The 2D monolayer cells were grown to 80% confluence then rinsed twice with ice-cold phosphate buffered saline and lysed with 8M urea lysis buffer. Every 10 ml of lysis buffer contains 8 M urea, 75 mM NaCl, 50 mM Tris-HCl (pH8.2) (Sigma-Aldrich), 1 mM NaF, 1 mM β-glycerophosphate, 1 mM sodium orthovanadate, 10 mM sodium pyrophosphate, 1 mM PMSF, and 1 tablet of EDTA-free protease inhibitors cocktail. The 3D spheroids were grown for 10 days to a final diameter of 800 µm and harvested with 200 µl of lysis buffer per 60 spheroids. Cells were lysed with 1 min of sonication followed by 2 min rest intervals, repeated three times. The cell lysates were centrifuged for 10 min at 2500 g to remove cell debris and the total protein concentrations were determined with the bicinchoninic acid (BCA) protein assay kit (Thermo Scientific Pierce, Rockford, IL). After the BCA assay, proteins from the 2D monolayer and the 3D spheroids were mixed in a 1:1 (light: heavy) ratio. A 500 µg protein sample from each biological replicate was allocated for the proteomic profiling and 3 mg of proteins was used for phosphoproteomic analysis.

Western Blot

A 20 µg protein sample from each of the harvested cell lysates was run on a NuPAGE SDS-PAGE 4–12% gel (Life Technologies, Carlsbad, CA) for 1 hour. Proteins were transferred to a nitrocellulose membrane using transfer buffer (Life Technologies, Carlsbad, CA) containing 10% methanol. Transfer conditions were 25V, 500mA for 90 minutes after which the membrane was briefly washed with DI water. A buffer containing 5% Non-fat dry milk in 1× PBS was used for antibody incubation and washes. Primary antibodies against Rb1, MCM5, p-Rb1 (Ser 807/811) (Santa Cruz Biotechnology, Santa Cruz, CA), UQCRC1 (Abcam, Cambridge, MA) and COX IV (loading control) (Cell Signaling Technology, MA) were diluted between 1:250 to 1:1000 in milk buffer. The membrane was incubated in primary antibody at RT for 1 hour on a rocking platform. The membrane was rinsed 3 times for 10 minutes each in milk buffer. The secondary antibody, HRP anti-mouse or rabbit (Jackson ImmunoResearch, West Groove, PA), was diluted 1:10,000 in milk buffer and incubated with the membrane for 1 hour at RT on a rocking platform. Membrane was rinsed, as above, with a final rinse of DI water. Chemiluminescent substrate (Thermo Scientific, Rockford, IL) was incubated with membrane for 5 minutes. Solution was removed and membrane was wrapped in plastic wrap. In a dark room, the membrane was exposed to Kodak BioMax film (VWR, Radnor, PA) for 2 to 5 minutes. The film was then developed using GBX developer and fixer (VWR, Radnor, PA).

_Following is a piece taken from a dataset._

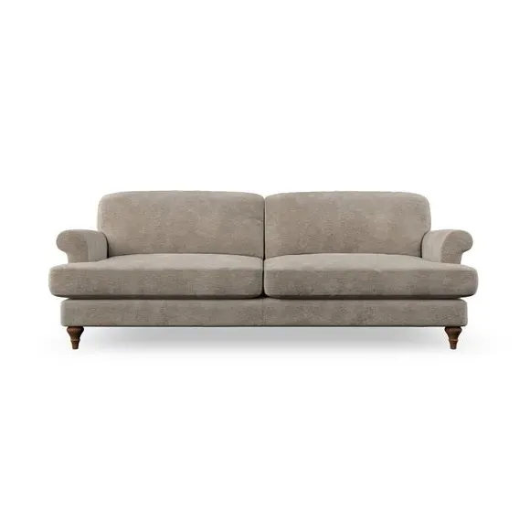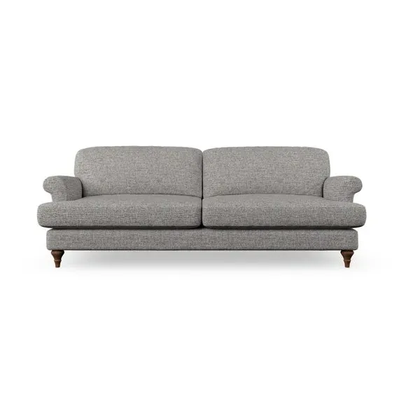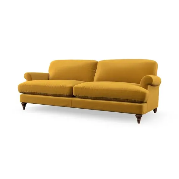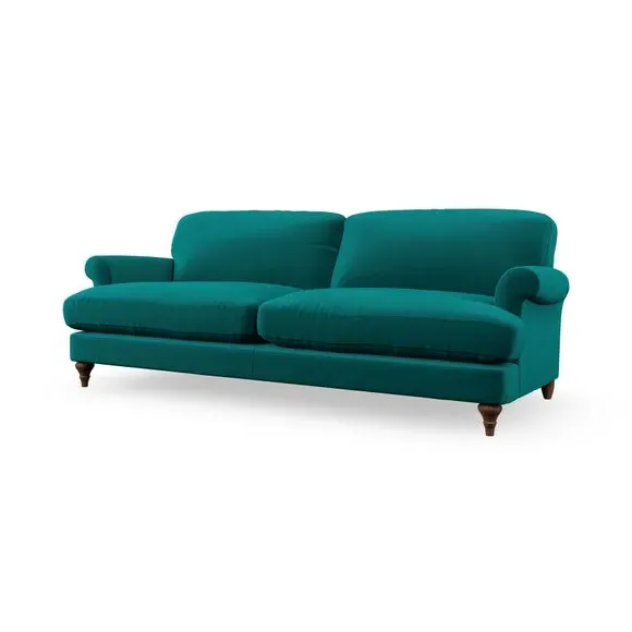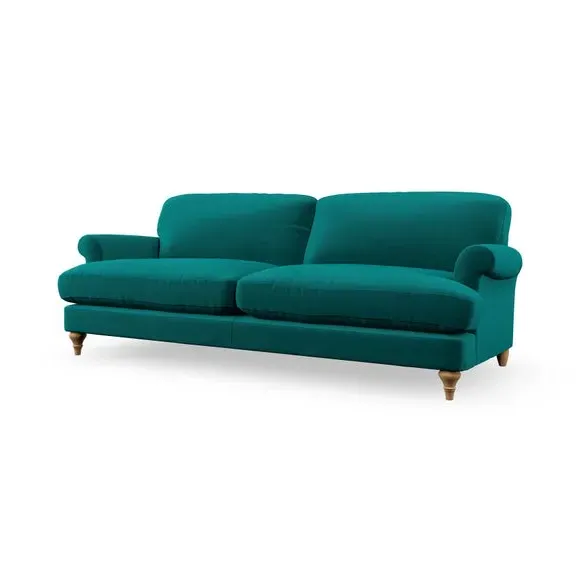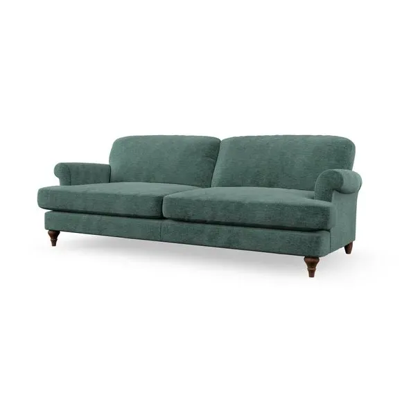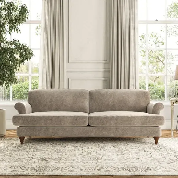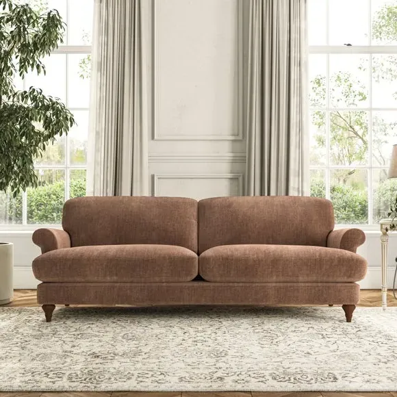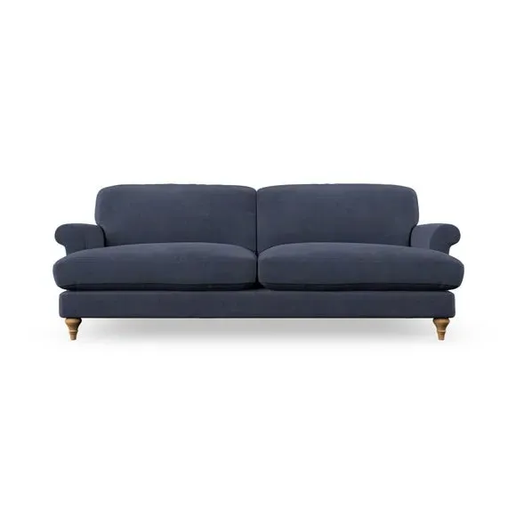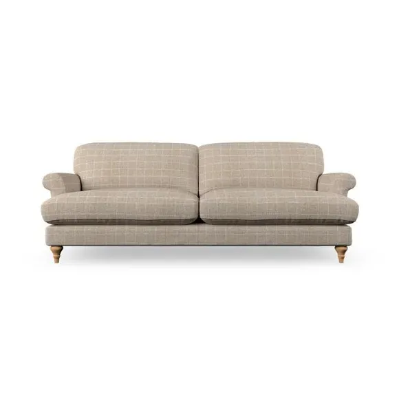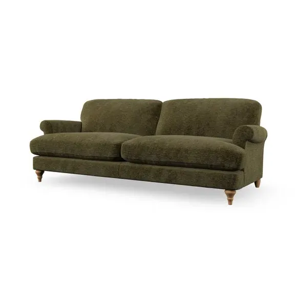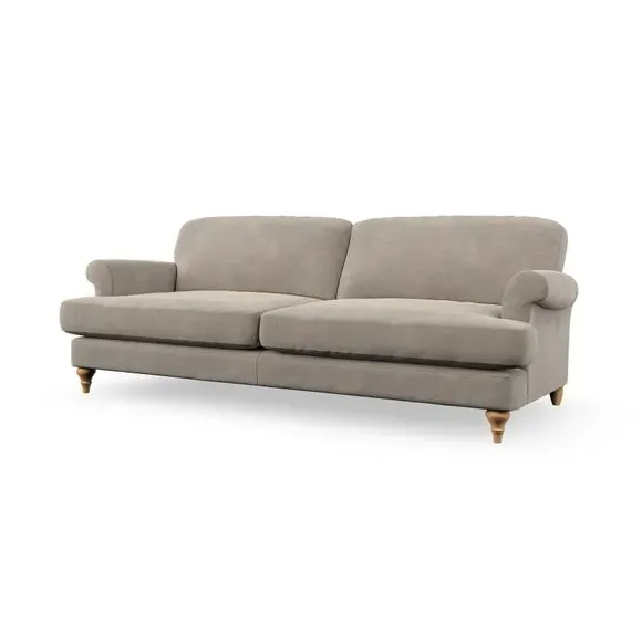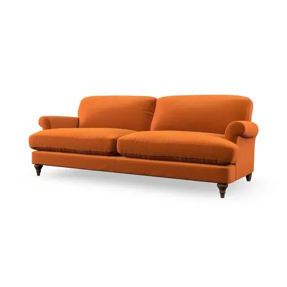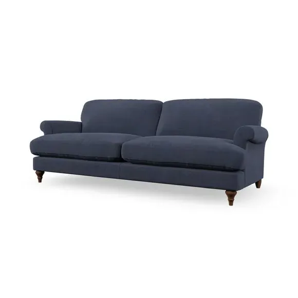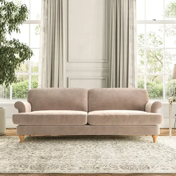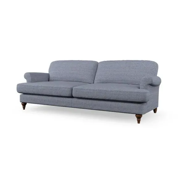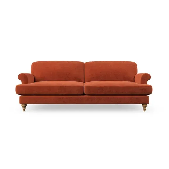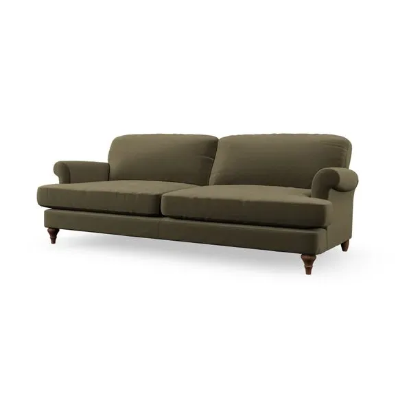 * Elegant, classic design* Scroll Arms* Lugged seat cushion* Serpentine seat springs* Choose your support, fabric and leg colour The Evie 4 Seater Sofa combines generous seating space with refined design, making it an ideal choice for larger living rooms. Featuring slender scroll arms and lugged seat cushions, this sofa offers a classic look with a modern touch. The fibre-filled back cushions provide excellent support, making it a comfortable choice for family gatherings or quiet evenings at home. Choose from a wide range of fabrics, colours, cushion fillings, and leg finishes to personalise this piece.

Preparation of Mass Spectrometric Samples

To reduce disulfide bonds, protein samples were treated with 5mM dithioreitol (DTT) for 25 min at 56°C. To alkylate the cysteines, iodoacetamide (IAA) was added to a final concentration of 14 mM and allowed to react in the dark for 30 min. To stop the alkylation reaction, another 5mM aliquot of DTT was added and reacted in the dark for another 15 min. To achieve a final urea concentration of 1.8 M, the protein mixtures were diluted with 25 mM Tris-HCl (pH 8.2). Protein samples were digested with trypsin from bovine pancreas (Sigma-Aldrich, St Louis, MO, USA) overnight at 37°C at a 50:1 protein to trypsin ratio in the presence of 1 mM CaCl2. To stop the digestion reaction, trifluoroacetic acid was added to a final concentration of 0.4% (vol/vol) and the samples were centrifuged at 2500 g for 10 min to remove precipitates. The peptides were then desalted by 500 mg reverse-phase C18 Sep-Pak solid-phase extraction cartridges (Waters Corporation, Milford, MA).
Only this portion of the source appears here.